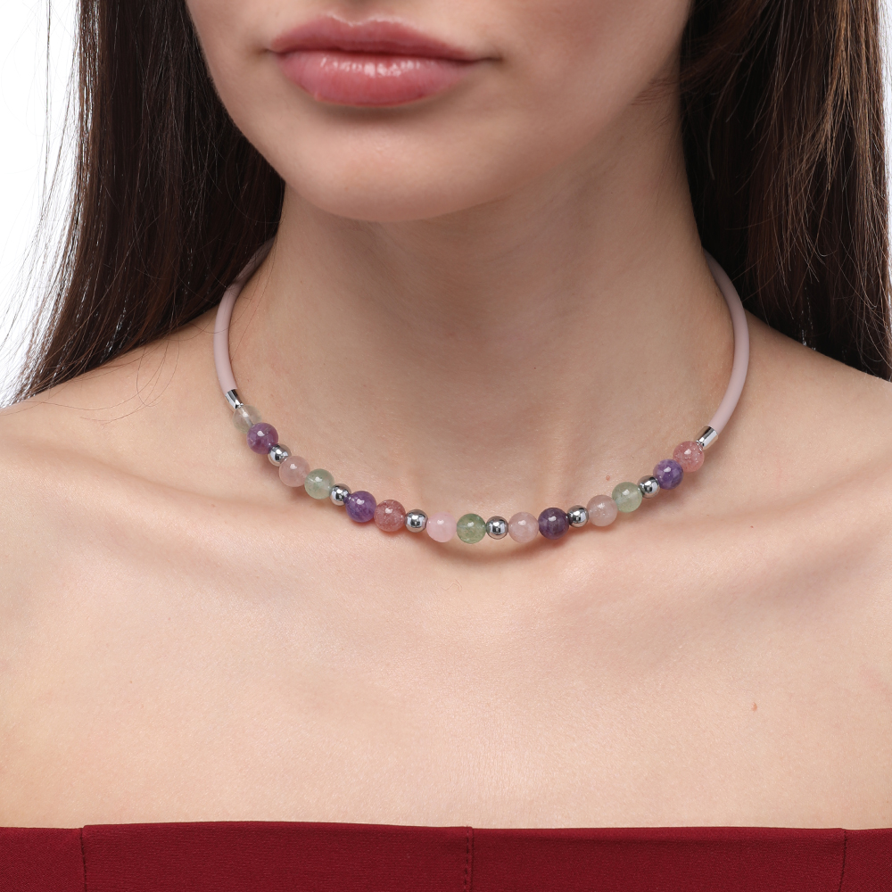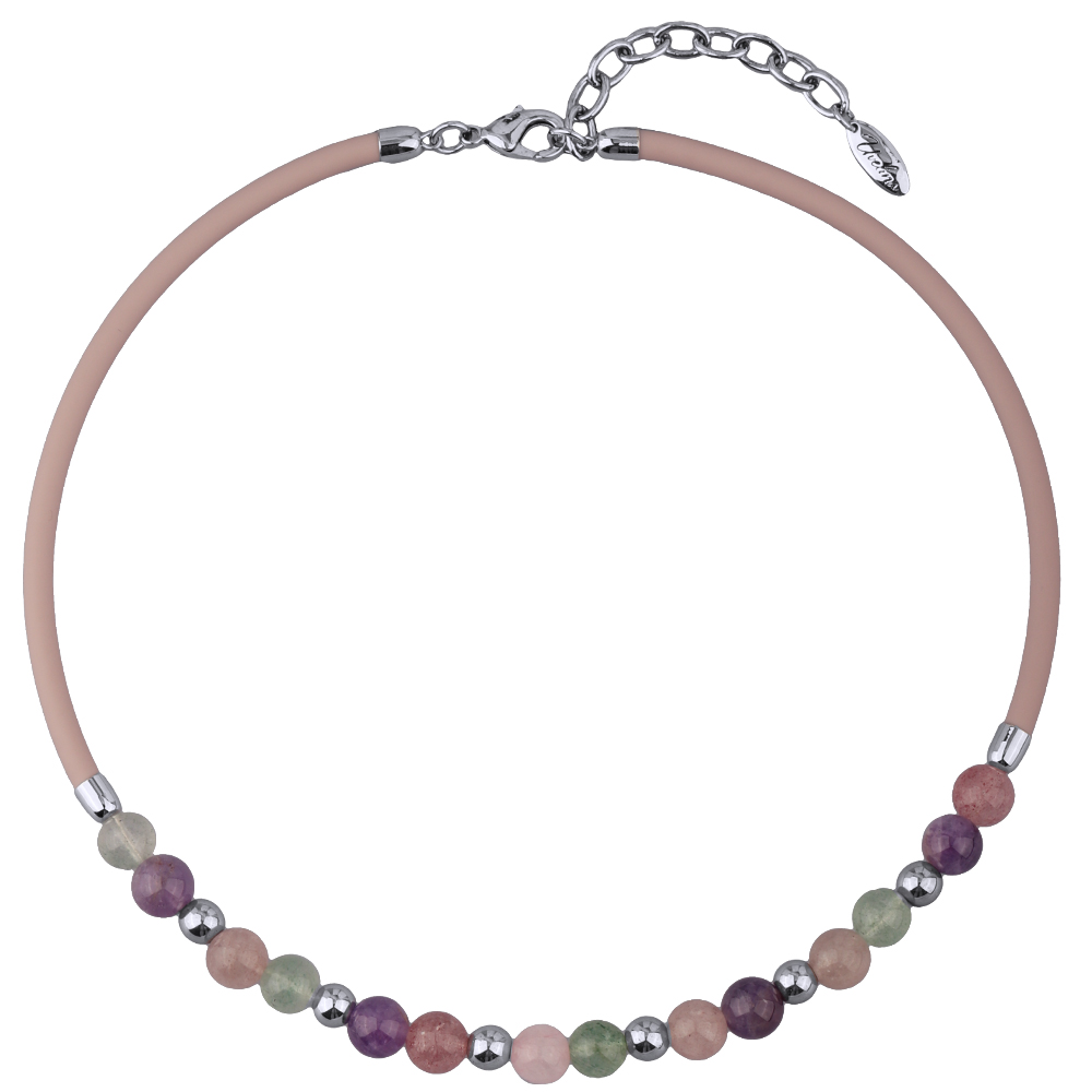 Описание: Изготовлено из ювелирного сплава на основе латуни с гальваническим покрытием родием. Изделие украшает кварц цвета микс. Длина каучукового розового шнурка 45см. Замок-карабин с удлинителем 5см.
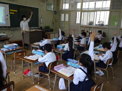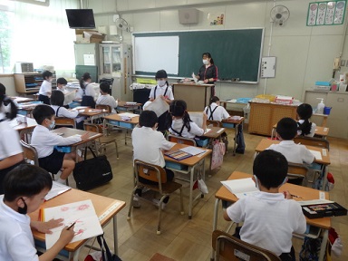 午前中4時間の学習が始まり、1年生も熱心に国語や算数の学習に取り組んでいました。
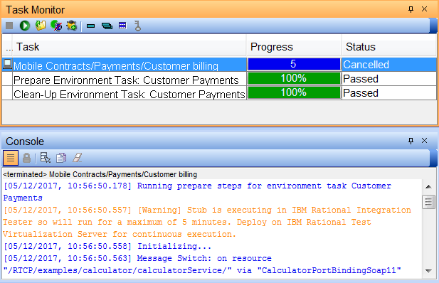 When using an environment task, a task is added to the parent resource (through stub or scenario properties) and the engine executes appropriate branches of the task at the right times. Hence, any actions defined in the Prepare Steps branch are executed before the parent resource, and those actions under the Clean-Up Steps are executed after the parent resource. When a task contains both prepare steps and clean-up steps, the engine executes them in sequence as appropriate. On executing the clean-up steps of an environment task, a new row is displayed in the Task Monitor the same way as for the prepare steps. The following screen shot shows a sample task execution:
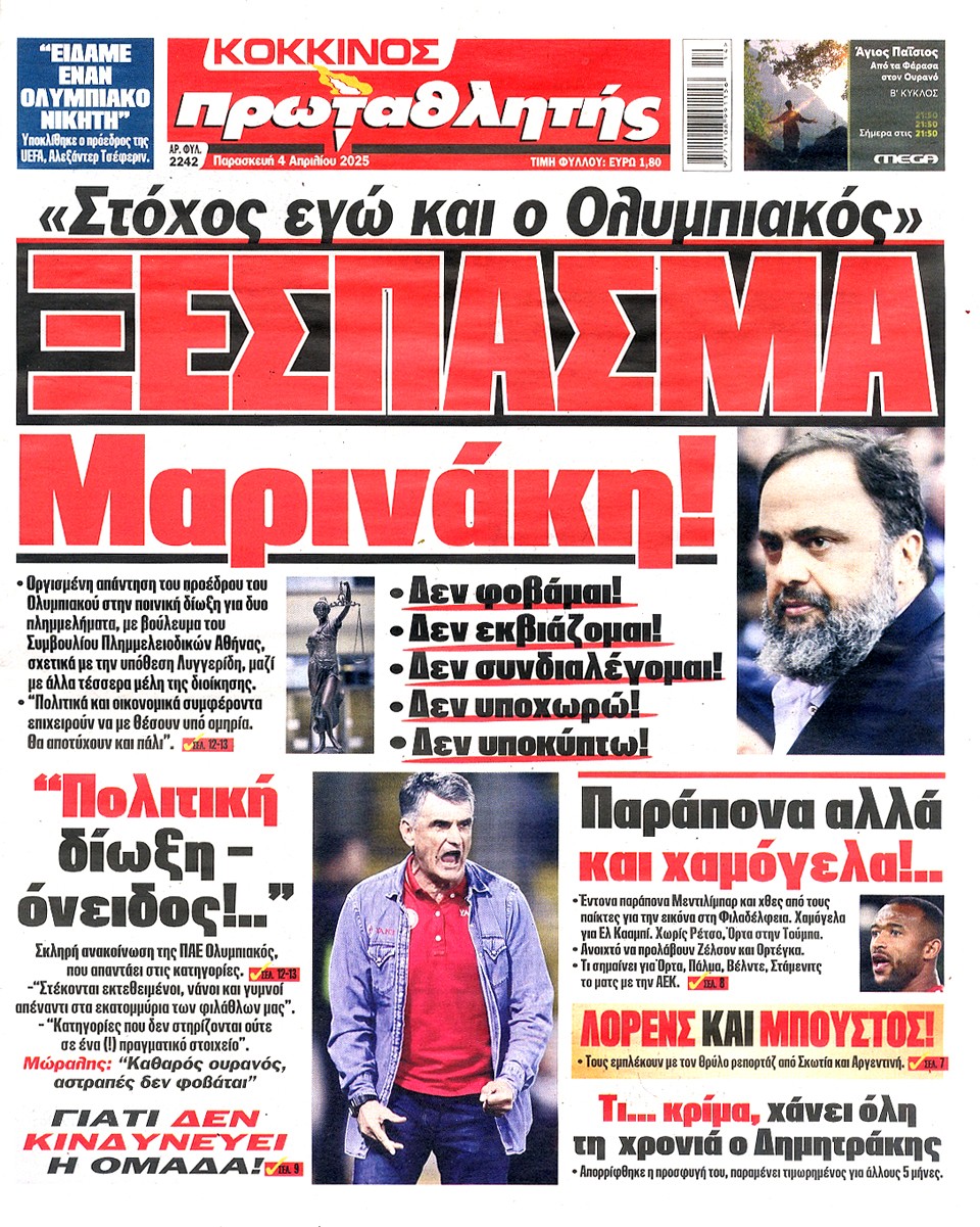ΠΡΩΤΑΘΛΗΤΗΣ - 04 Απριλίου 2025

Work to complete:
Up to and including the line containing "午前中4時間の学習が始まり、", repeat every line from the start of the data, but none of the pictures.

Written response:
 Описание: Изготовлено из ювелирного сплава на основе латуни с гальваническим покрытием родием. Изделие украшает кварц цвета микс. Длина каучукового розового шнурка 45см. Замок-карабин с удлинителем 5см.
 午前中4時間の学習が始まり、1年生も熱心に国語や算数の学習に取り組んでいました。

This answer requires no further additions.